Магрубет не пил. Ел мало и все поглядывал на солнце, которое уже сильно склонилось туда, за земли, лежащие вдоль великой реки Хапи. Мыслями он был уже не здесь. Вокруг весело шумели. Видно было, что всем хотелось поговорить с ним. Наконец весь порозовевший Ефрон решил обратиться к нему с вопросом:
— Может быть, выколоть ему глаза и хватит с него?.. — брякнул он напрямую.
— Пускай живет!.. Можно отрубить обе руки!.. Конечно, наказать нужно, но жизнь можно оставить…— раздались доброжелательные голоса.
— Возможно и так, — помедлив, сказал Магрубет. — Он тоже потерял сегодня свою жизнь, но боги, наверное, и ему хотят вернуть его потерю. Закон мы все-таки не будем нарушать, но жизнь, так и быть, я ему подарю.
Масар радостно забился, услышав эти слова.
— Я не хотел, господин! Я даже не надеялся, что смогу утаить от тебя кражу, но не мог удержаться. Это было против моей воли. Сохрани мне жизнь! — застонал он.
Магрубет повернул голову в его сторону и долго, задумавшись, глядел на него.
— Так и быть! Я решил наказать тебя, жрец, достойно, но милостиво. Я не стану тебе выкалывать глаза. Я не буду отрубать тебе руки. Но я накажу тебя так, чтобы впредь твои желания не побеждали тебя. Ты украл мои ценности, когда моя одежда лежала здесь, на берегу, и при этом ты видел меня, — рассудил Магрубет и добавил: — Может быть, ты еще когда-нибудь и вправду пригодишься мне, как вчера обещал.
— Давай я завяжу ему рот, — сказал Ефрон, угадав решение, принятое Магрубетом.
Старик быстро встал и пошел исполнять свое намерение.
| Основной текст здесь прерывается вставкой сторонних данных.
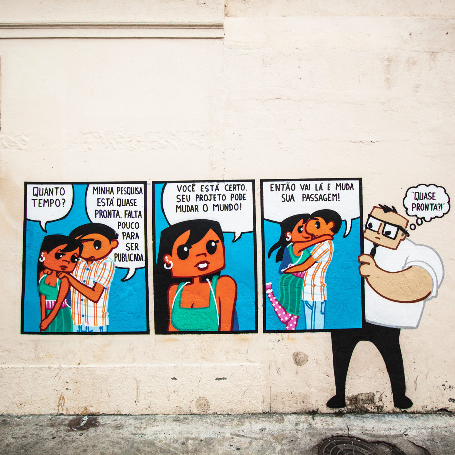 The most popular being the Ze Ninguem graphic novel, a collection of the comics murals I’ve created in Rio de Janeiro.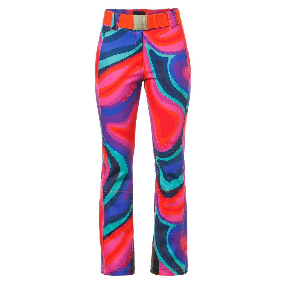 De Goldbergh Fairy skibroek biedt zowel stijl als functionaliteit met een allover print die elk kledingstuk uniek maakt. De broek heeft twee beenritsen voor extra ventilatie, twee elastische riemen voor een betere pasvorm, en sneeuwvangers aan de zoom om je droog te houden op de piste.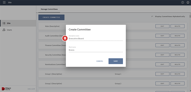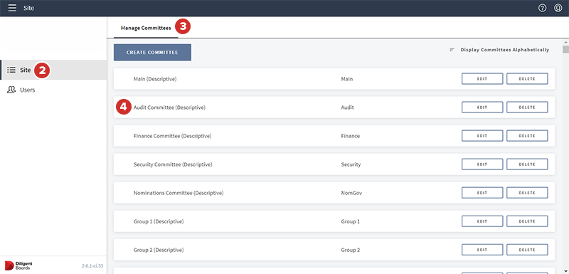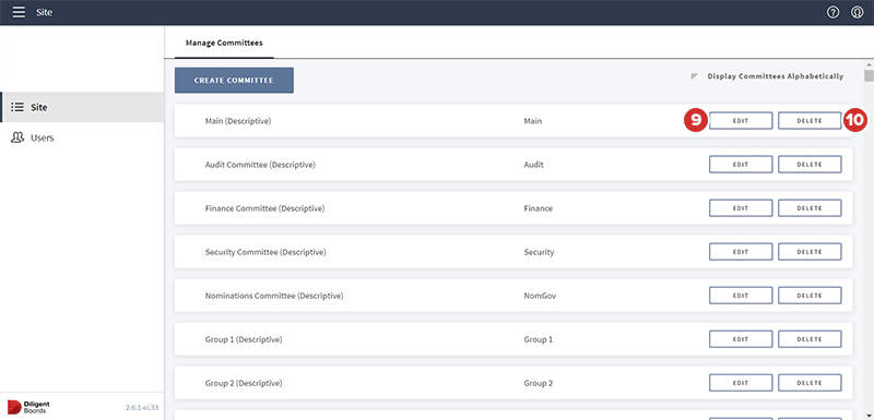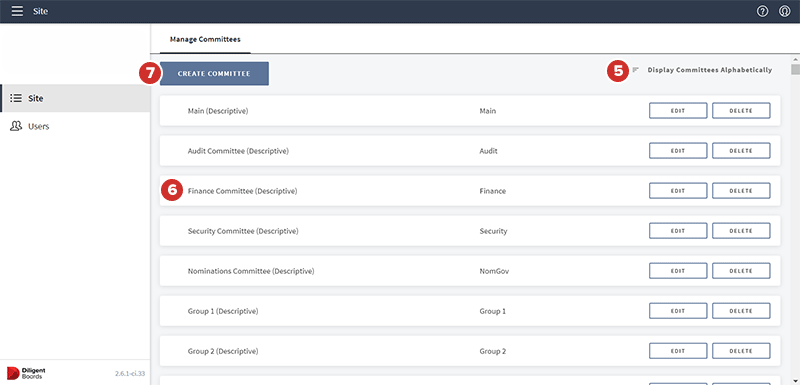 Como administrador de contactos, puede administrar los comités en todo su sitio de Boards. En este tema se explica cómo crear, editar, ordenar y eliminar comités.

Чтоб Масар не орал и не бился в своих путах, он оглушил его кулаком, затем быстро, по-военному заткнул ему рот и привязал голову к телеге.
— Готово! — сказал он, поворачиваясь к Магрубету.
— Его же оружием я и окажу ему милость, — сказал усмехаясь Магрубет и вынул тонкий острый кинжал, принадлежавший Масару. Одним движением он отсек у Масара то, что мешает некоторым мужчинам чисто мыслить. Затем сломал пополам лезвие и бросил обломки далеко в море.
— Займись с ним, чтоб кровь поскорее унялась, — сказал он Ефрону равнодушным голосом, поскольку уже потерял интерес ко всему происходящему.
Долг влек его туда, вдаль, в большой город за великой рекой. Здесь ему уже незачем было оставаться.
— Прощайте! — только и сказал он коротко.
Он направился к лошадям и вывел в сторону того самого, полюбившегося ему, породистого скакуна, что вынес из моря своего печальной памяти хозяина. Сев верхом на коня, он привычной рукой натянул поводья и поскакал вверх по ручью в сторону дороги, выводящей к другим большим дорогам.
* * *
Четыре дня Магрубет ехал по прекрасной стране Египет к великой реке Хапи[6]. Все пути, все дороги от любой деревушки, все речки и ручейки вели к этой реке.Хапи — это счастье Египта, это кровь Египта, дающая жизнь многочисленному трудолюбивому народу. Много дней пути до истоков Хапи, теряющихся где-то за непроходимыми порогами в неведомой дали, где в диких лесах уже не живут обыкновенные люди. Никто из египтян никогда не добирался до верховьев Хапи. В давние-давние времена фараоны поселили в тех лесах черных людей — негров, чтобы те защищали Египет от нашествий диких человекообразных обезьян.
Всю свою жизнь люди Египта связывали с этой рекой, с ее теплыми, чистыми водами, с ее весенними разливами, с ее мощным течением, способным нести на себе и лодки, и любые корабли, и плоты с грузами. На всем протяжении этой реки до самого моря по обоим ее берегам приютилось огромное множество городов и деревень. В ее низовьях, в нескольких днях пути от моря находился величайший город Египта, богатый и многолюдный Менефр[7] — когда-то знаменитая столица фараонов. К Менефру по реке Хапи со всей страны стекались богатства, отовсюду стремились самые сильные и самые дерзкие люди. Туда теперь держал путь Магрубет, чтобы оттуда совершить бросок в Аварис[8], гнездо фараонов.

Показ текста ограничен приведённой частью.